Порыв ветра подхватывает его слова, швыряет на верхушки печально шелестящих елей; превратившись в глухой и почти сладострастный рокот, они плывут по лесу, и снова слышится, как там, внизу, где паводком залиты луга, клокочет вода и ломаются льдины. Потом снова воцаряется тишина, в которой только потрескивает лед, да в розовой закатной стороне кричат чибисы. Уже почти стемнело, и там и сям над сосновыми рощицами, где эти чибисы обитают, мерцают мелкие, но низкие и яркие звездочки.
– Стендаль… Руссо… – передразнивает кого-то Альбинас. – И чего ты вцепился в этого Руссо? Он демонстрирует свое нижнее белье, подумаешь, – какое открытие.
– То, что демонстрирует, это верно, но…
– Что – но?
Юозас молчит, смотрит под ноги на шишки.
– Так что же ты выбираешь? – после паузы снова напускается на него Альбинас. – Это, братец, вопрос принципиальный. Отвечай: добро или…

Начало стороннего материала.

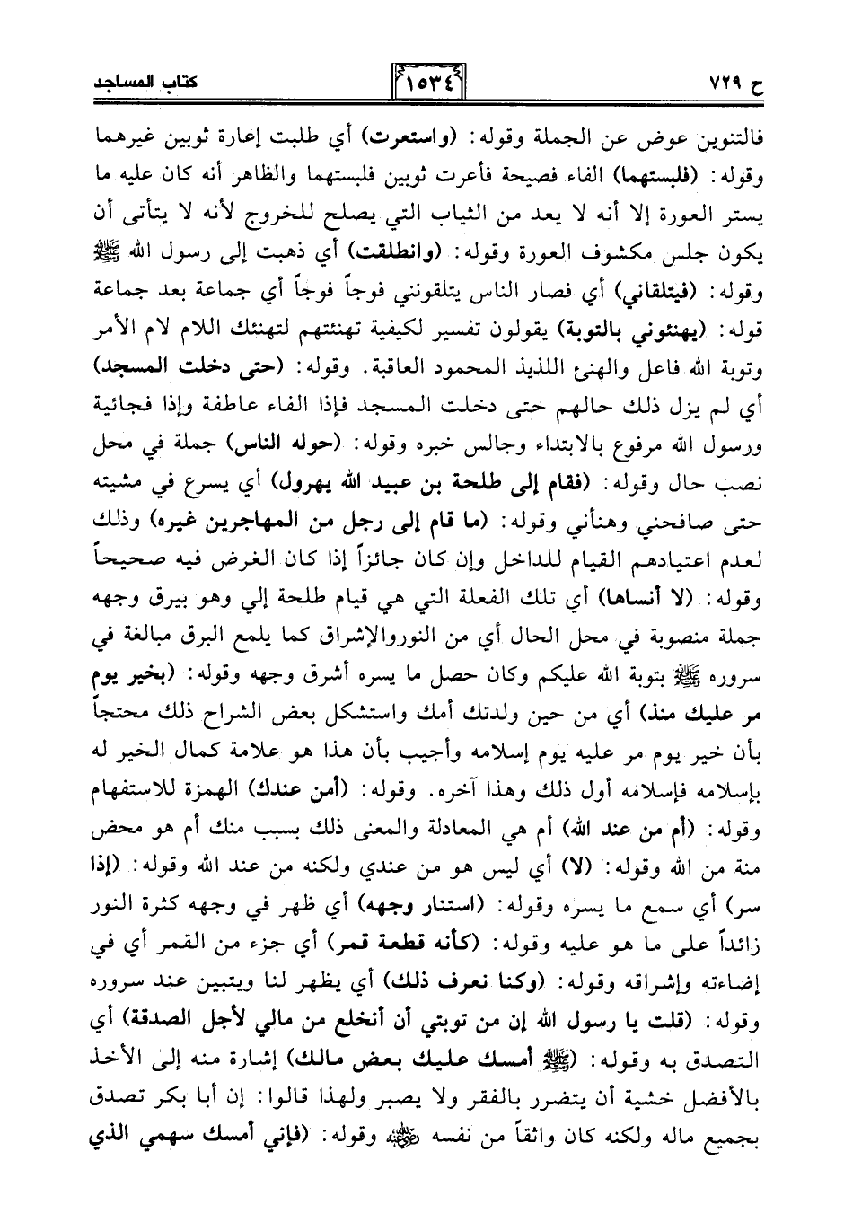 فالتنوين عوض عن الجملة وقوله: (واستعرت) أي طلبت إعارة ثوبين غيرهما وقوله: (فلبستهما) الفاء فصيحة فأعرت ثوبين فلبستهما والظاهر أنه كان عليه ما يستر العورة إلا أنه لا يعد من الثياب التي يصلح للخروج لأنه لا يتأتى أن يكون جلس مكشوف العورة وقوله: (وانطلقت) أي ذهبت إلى رسول الله - صلى الله عليه وسلم - وقوله: (فيتلقاني) أي فصار الناس يتلقونني فوجًا فوجًا أي جماعة بعد جماعة قوله: (يهنئوني بالتوبة) يقولون تفسير لكيفية تهنئتهم لتهنئك اللام لام الأمر وتوبة الله فاعل والهنئ اللذيذ المحمود العاقبة. وقوله: (حتى دخلت المسجد) أي لم يزل ذلك حالهم حتى دخلت المسجد فإذا الفاء عاطفة وإذا فجائية ورسول الله مرفوع بالابتداء وجالس خبره وقوله: (حوله الناس) جملة في محل نصب حال وقوله: (فقام إلى طلحة بن عبيد الله يهرول) أي يسرع في مشيته حتى صافحني وهنأني وقوله: (ما قام إلى رجل من المهاجرين غيره) وذلك لعدم اعتيادهم القيام للداخل وإن كان جائزًا إذا كان الغرض فيه صحيحًا وقوله: (لا أنساها) أي تلك الفعلة التي هي قيام طلحة إلي وهو بيرق وجهه جملة منصوبة في محل الحال أي من النور والإشراق كما يلمع البرق مبالغة في سروره - صلى الله عليه وسلم - بتوبة الله عليكم وكان حصل ما يسره أشرق وجهه وقوله: (بخير يوم مر عليك منذ) أي من حين ولدتك أمك واستشكل بعض الشراح ذلك محتجًا بأن خير يوم مر عليه يوم إسلامه وأجيب بأن هذا هو علامة كمال الخير له بإسلامه فإسلامه أول ذلك وهذا آخره. وقوله: (أمن عندك) الهمزة للاستفهام وقوله: (أم من عند الله) أم هي المعادلة والمعنى ذلك بسبب منك أم هو محض منة من الله وقوله: (لا) أي ليس هو من عندي ولكنه من عند الله وقوله: (إذا سر) أي سمع ما يسره وقوله: (استنار وجهه) أي ظهر في وجهه كثرة النور زائدًا على ما هو عليه وقوله: (كأنه قطعة قمر) أي جزء من القمر أي في إضاءته وإشراقه وقوله: (وكنا نعرف ذلك) أي يظهر لنا ويتبين عند سروره وقوله: (قلت يا رسول الله إن من توبتي أن أنخلع من مالي لأجل الصدقة) أي التصدق به وقوله: (- صلى الله عليه وسلم - أمسك عليك بعض مالك) إشارة منه إلى الأخذ بالأفضل خشية أن يتضرر بالفقر ولا يصبر ولهذا قالوا: إن أبا بكر تصدق بجميع ماله ولكنه كان واثقًا من نفسه - رضي الله عنه - وقوله: (فإني أمسك سهمي الذي

Юозас обиженно хмыкает: он, дескать, не понимает, как здесь можно сделать выбор, кроме того, большинство его поступков определяет не он, а какая-то другая, глубоко сидящая в нем сила, и вообще, что означает, что сулит такое деление людей на группы? Бессмысленную толкотню, противоборство, нежелание понять других, вникнуть в их поступки.

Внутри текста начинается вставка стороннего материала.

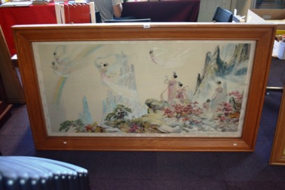 Lot Description:Large framed Chinese embroidered picture of flying maidens among rocky landscape

– Вот теперь ты передо мной как голенький, – говорит Альбинас. – Ты трус, ты пойдешь на всякие компромиссы, уступки, увертки, будешь лезть из кожи вон и оправдываться.
– Зачем из кожи вон лезть, ведь я уже голенький? – говорит Юозас.
– Ну чего ты дуешься, чего? Ты же сам предлагал: взять какую-нибудь одну мысль, тенденцию и попытаться ее развить до конца. Вот я ее и развил. Недоволен, а?
– Это крайности, – защищается Юозас. – Стендаль и Руссо помогают мне искать… – он замолкает, косится на деревья: прямое, кривое, кривое, все кривые, по-своему согнутые, разветвленные.
– Что же они помогают тебе искать, что? – Альбинас впивается в Юозаса холодным изучающим, может, даже уже и презрительным взглядом. – Ну скажи, чего ты молчишь? Помогают искать золотую середину? Ведь так? А ты знаешь, что об этой середине говорят, знаешь? Так вот: тебе немного надо, только немножечко. И тебе, Римантас, тоже. Оба вы одним лыком шиты.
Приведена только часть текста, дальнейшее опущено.